Sporopollenin is a complex polymer that is composed of fatty acids and phenolic compounds. The precise structure of sporopollenin is unknown. Sporopollenin is resistant to nonoxidative physical, chemical, and biological treatments and insoluble in both aqueous and organic solvents. This chemical inertness accounts for the preservation of pollen grains for tens to hundreds of millions of years. Many insects feed on pollen surface lipids and contents accessible through the germination pores, but none of them can break down pollen walls.

After four years field observations and experiments in tropical China, Dr. LUO Shixiao from Research Group of Plant Phylogenetics and Reproductive Biology, South China Botanical Garden, revealed that two species of Deltophora (Gelechioidea) are the exclusive pollinators of two species of Phyllanthus (Phyllanthaceae) on which their larvae develop and from which the adults take pollen and nectar.

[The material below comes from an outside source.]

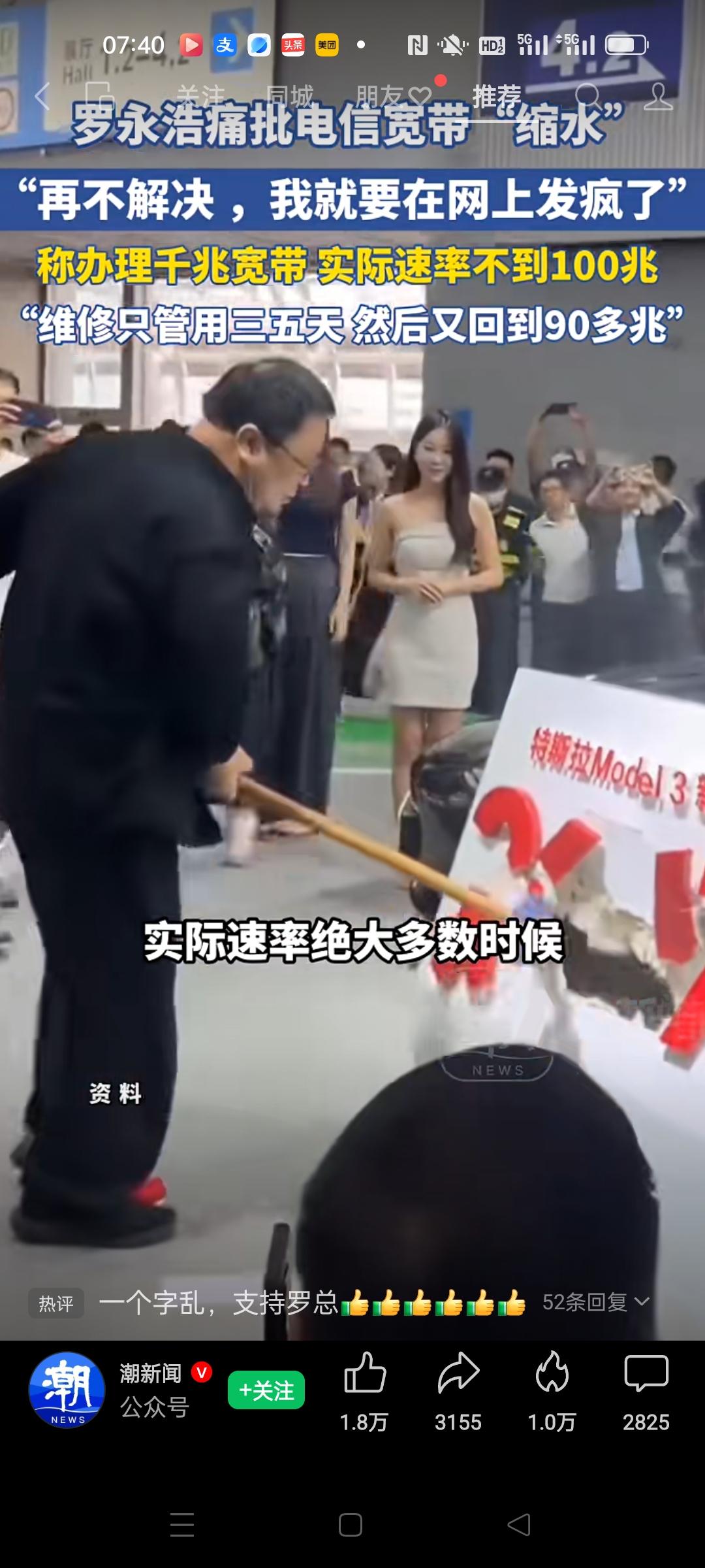 罗永浩怒批电信宽带缩水,自己办的千兆宽带,实际带宽不足100兆。找客服维修后,只管用二三天,又降到90兆。这种与承诺不符的情况,严重惹怒了罗永浩,声称再不解决,就要在网上发疯。 反正与罗永浩作对的没一个有好下场,劝电信惹谁都行,千万别惹罗永浩,赶快把他问题解决了

No other insects visited the flowers of hot plants, and the moths’ entire life cycle is adapted to their host plants’ phenology and chemistry. The results showed that Phyllanthus cochinchinensis and Deltophora sp. 1, and P. rheophyticus and Deltophora sp. 2 are two new pairs of obligate mutualists.

Captive moths with pollen on their mouthparts after 2-3 days of starvation no longer carried intact grains, and SEM photographs showed exine fragments on their proboscises. This is the first report of any insect and indeed any animal chemically dissolving pollen.

These results were published recently in the famous journal PLoS ONE on line (2011, http://www.plosone.org/article/info%3Adoi%2F10.1371%2Fjournal.pone.0019219).

A. Deltophora moth drinking nectar from a male flower. B. Deltophora moth drinking nectar from a female flower. C. Larva of Deltophora on a young leaf. D. Pollen-coated proboscis of Deltophora smoth.